OK, I've been reviewing the oai-ore work, mostly with one eye on whats going on in OKF, but also relating to other work k-intis involved in (http://www.openarchives.org/ore/). Bloody hell people.. if there isn't an opportunity for some "Disruptive" technology here I don't know where there is.... Storing and replicating actual digitial objects as well as their metadata seems like an ideal... the trouble is, many of todays "Digital Objects" are not discrete. They are composed of evolving streams of data such as map data, scientific data, or in the case of PN/IT For Me just a stream of records such as local council alerts. It's almost like we need a recusrsive oai structure where the metadata record sits atop each recursive entry, with the ability to freshen the objects below it....

Sunday, March 18, 2007

Repository Use Cases, first thoughts

I seem to be suffering a case of bloggorhia...

Here are my initial thoughts about a set of use cases for an Open Source Repository that might suit the needs of a subsequent version of It For Me, Peoples Network, Seamless, or any of the Open Knowledge Foundation projects. It's just one of a thousand flowers that might blossom in the OKF community, and I've got specific questions of my own to answer outside the domain of OKF, but if there's the potential for reuse, why not exploit it.

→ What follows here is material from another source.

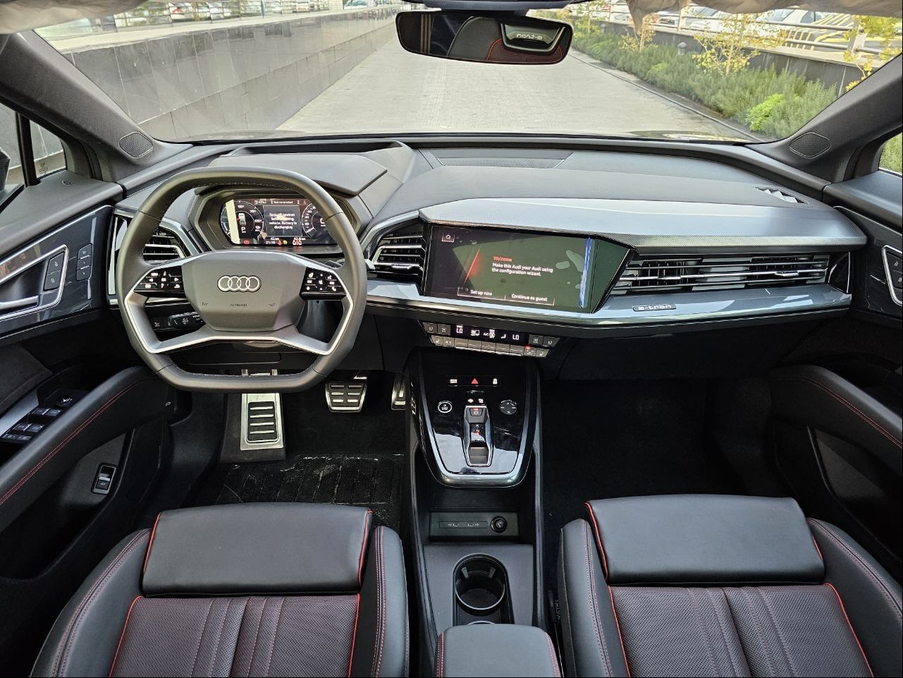 آئودی Q5 e-tron با طراحی داخلی لوکس و امکانات رفاهی پیشرفته، تجربهای در سطح خودروهای پریمیوم را به سرنشینان ارائه میدهد. فضای کابین این خودرو با مواد باکیفیت مانند چرم مصنوعی، آلومینیوم برسخورده و پلاستیک نرم تزئین شده و حس لوکس بودن را بهخوبی منتقل میکند. صفحهنمایش مرکزی 11.6 اینچی لمسی با سیستم اطلاعات-سرگرمی MMI آئودی، امکان کنترل قابلیتهای خودرو از جمله ناوبری، اتصال به تلفن هوشمند از طریق Apple CarPlay و Android Auto و تنظیمات تهویه را فراهم میکند. علاوه بر این، یک صفحهنمایش 10.25 اینچی بهعنوان نشانگرهای دیجیتال پشت فرمان اطلاعات رانندگی را با وضوح بالا نمایش میدهد. سیستم تهویه مطبوع سهمنطقهای، صندلیهای برقی با حافظه و قابلیت گرمایش، و سقف پانورامیک از دیگر امکانات رفاهی هستند که راحتی سرنشینان را تضمین میکنند. فضای صندوقعقب با ظرفیت 550 لیتر (قابل افزایش با خواباندن صندلیهای عقب) برای استفادههای خانوادگی و سفرهای طولانی کاملاً مناسب است. طراحی داخلی با نورپردازی محیطی LED قابل تنظیم، حس مدرنیته و لوکس بودن را تقویت میکند و تجربه رانندگی را لذتبخشتر میسازد.

These initial use cases are going to be used to focus attention for Spike 1 - In which I'm going to try and figure out if JENA is capable of performing as a back end for a several million item database. For the spike we'll use jena and the MySQL database. I've got a straight 8 million item database for MySQL, so can do some meaningful comparisons. The use cases should stand as useful outside the spike, but here's what they are for:

Terms:
PDWDA - Public Domain Work Detection Agent - A software module that uses a number of rules to identify public domain works and notify the repository of that data.

UC#1 - New Known Schema Resource (Sound Recording), with New Related Data (New Composer/Artist), via internal API (No web services)
In this UC A "PD Works Detection Agent" Submits a New Work by a previously unidentified artist/composer. We will be using a SoundRecording DTO object and the interface will need to call SoundRecordingDTO -> RDF, then insert the RDF, creating new SoundRecording and Composer/Artist data.

UC#2 - New Known Schema Resource (Sound Recording), with Known Related Data (Existing Composer/Artist)
As UC#1 but with reference to an existing Artist/Composer. We will deal with deduplication of errant composer/artist data in a later version. For now, identify via composer->person->normalised name,dob,dod.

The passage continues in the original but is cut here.